The prevalence of HBsAg was higher among men than in women (5.5 vs. 3.6%; P=0.00001) and those from rural areas compared with those from urban areas (4.78 vs. 4.01%; P=0.031).
HBsAg positivity showed a statistically significant increasing trend (Ptrend=0.001) with age groups (18–29 years, 30–39 years, 40–49 years, and 50–69 years). The lowest chronic HBV infection of 1.9% was found among Hungarian individuals who, in large majority, live in Transylvania and Banat.
The prevalence of HBsAg positivity showed a statistically significant decreasing trend (Ptrend=0.001) with the education level expressed as the number of years of education. Unemployed individuals had a significantly higher HBV prevalence of 7.8%, with P=0.006, compared with employers/self-employed individuals, with 3.4%. No association was found between marital status and HBsAg seropositivity.
As shown in Table 2, an increased prevalence of infection is associated with familial exposure both to HCV or HBV infection (OR=1.87, CI: 1.47–2.34; P=0.0001) and to chronic B or C liver disease (OR=1.65, CI: 1.23–2.23; P=0.001).
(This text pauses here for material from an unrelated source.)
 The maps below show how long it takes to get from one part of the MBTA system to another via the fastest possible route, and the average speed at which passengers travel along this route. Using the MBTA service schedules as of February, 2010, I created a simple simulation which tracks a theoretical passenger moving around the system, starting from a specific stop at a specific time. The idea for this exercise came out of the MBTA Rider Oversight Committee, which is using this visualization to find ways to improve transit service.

No association was found with HBV vaccination.
A personal history of blood or blood product transfusion (OR=1.37, CI: 1.37–1.80; P=0.022), of surgical interventions (OR=1.21, CI: 1.02–1.44; P=0.028), tattooing (OR=1.41, CI: 1.03–1.94; P=0.033), of sexually transmitted diseases (OR=2.17, CI: 1.33–3.52; P=0.002), and alcohol consumption over 60 g/day (OR=1.44, CI: 1.16–1.78; P=0.001) were risk factors associated with HBsAg seropositivity.
At the same time, we found a higher prevalence of HBsAg for individuals who were imprisoned as compared with those who were not (9.6 vs. 4.4%; P=0.016), for those who had first sexual intercourse at younger than 18 years of age vs. those who had first sexual intercourse when they were older than 18 years of age (5.0 vs. 4.2%; P=0.026), and for individuals with multiple sexual partners vs. those with no such sexual habits (5.5 vs. 4.2%; P=0.024).
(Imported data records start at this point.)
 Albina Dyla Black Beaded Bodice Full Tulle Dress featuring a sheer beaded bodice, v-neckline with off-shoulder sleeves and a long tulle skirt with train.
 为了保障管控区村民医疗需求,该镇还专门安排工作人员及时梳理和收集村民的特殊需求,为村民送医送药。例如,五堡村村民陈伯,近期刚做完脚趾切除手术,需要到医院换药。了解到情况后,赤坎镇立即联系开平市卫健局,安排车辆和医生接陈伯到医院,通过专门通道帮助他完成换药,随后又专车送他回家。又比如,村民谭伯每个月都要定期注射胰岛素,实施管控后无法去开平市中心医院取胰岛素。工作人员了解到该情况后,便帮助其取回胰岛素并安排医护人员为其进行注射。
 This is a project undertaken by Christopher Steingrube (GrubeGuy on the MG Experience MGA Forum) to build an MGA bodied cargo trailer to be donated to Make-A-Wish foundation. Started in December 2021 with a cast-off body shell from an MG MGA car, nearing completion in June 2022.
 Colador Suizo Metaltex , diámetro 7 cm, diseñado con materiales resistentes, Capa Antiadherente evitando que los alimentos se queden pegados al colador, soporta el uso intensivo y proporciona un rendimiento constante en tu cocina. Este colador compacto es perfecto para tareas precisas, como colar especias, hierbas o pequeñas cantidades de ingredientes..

No association was found between a hepatitis C diagnostic and occupational exposure to blood products, frequent hospitalizations, organ transplantation, hemodialysis, IVDU, unsafe parenteral injections, invasive dental procedures, serious traffic, work and domestic accidents, acupuncture, body piercing, attending beauty salons, sharing tooth brushes and blades, or chronic HBV or HCV infection in their sexual partner.
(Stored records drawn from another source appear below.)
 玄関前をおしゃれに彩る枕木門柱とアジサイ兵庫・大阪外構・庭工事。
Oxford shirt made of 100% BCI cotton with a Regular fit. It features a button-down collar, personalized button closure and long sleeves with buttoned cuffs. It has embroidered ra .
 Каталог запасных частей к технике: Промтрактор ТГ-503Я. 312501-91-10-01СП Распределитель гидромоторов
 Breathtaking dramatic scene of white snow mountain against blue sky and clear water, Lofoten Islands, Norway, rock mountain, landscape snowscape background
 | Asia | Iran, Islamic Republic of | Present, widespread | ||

Prevalence of past hepatitis B virus infection
Anti-HBcAb-positive samples with negative results for HBsAg were detected in 3370 individuals from the 12 470 individuals with negative results for HBsAg. The overall prevalence of past HBV infection in the Romanian sample aged 18–69 years, tested by anti-HBcAb seropositivity, was 27.0% (CI: 26.2–27.8%). The lowest anti-HBcAb prevalence of 24.8% (CI: 23.6–26.0%) was found among the individuals living in Transylvania and Banat. The participants from Muntenia and Dobrogea showed a significantly higher (P=0.0002) prevalence of 28.0% (CI: 26.8–29.2%), whereas those from Moldavia had the highest prevalence ratio of 29.4% (CI: 27.5–31.5%; P=0.0001) compared with the individuals from Transylvania and Banat (Table 3).
The proportion of individuals with past HBV infection (anti-HBcAb positive) showed a statistically significant increasing trend with age (Ptrend=0.001) as shown in Fig. 1. We found no significant differences in anti-HBcAb seroprevalence among men and women or among those living in rural areas in comparison with urban areas. The lowest proportion of anti-HBc-positive individuals (20.0%) was found in Hungarian ethnics (P=0.00001), and the highest proportion (38.7%) in Romany individuals (P=0.0002), in comparison with Romanian ethnics (27.4%).
The anti-HBcAb prevalence showed a statistically significant decreasing trend (Ptrend=0.001) with the education level expressed as the number of years of education. Unmarried participants had the lowest anti-HBcAb prevalence of 17.6% (P=0.00001), whereas widowed individuals had the highest anti-HBcAb prevalence of 40.0% (P=0.00001) compared with married individuals (27.6%).
HBV vaccination resulted in a statistically decreased prevalence of anti-HBc positivity, with OR=0.73 (CI: 0.58–0.91; P=0.007). Familial exposure to chronic B or C liver disease is associated with an increased prevalence of anti-HBcAb (OR=1.23, CI: 1.05–1.44; P=0.011). Individuals diagnosed with hepatitis C diagnostic are at a higher risk for HBV infection/exposure with OR=2.18 (CI: 1.47–3.23; P=0.0001) to be anti-HBcAb positive.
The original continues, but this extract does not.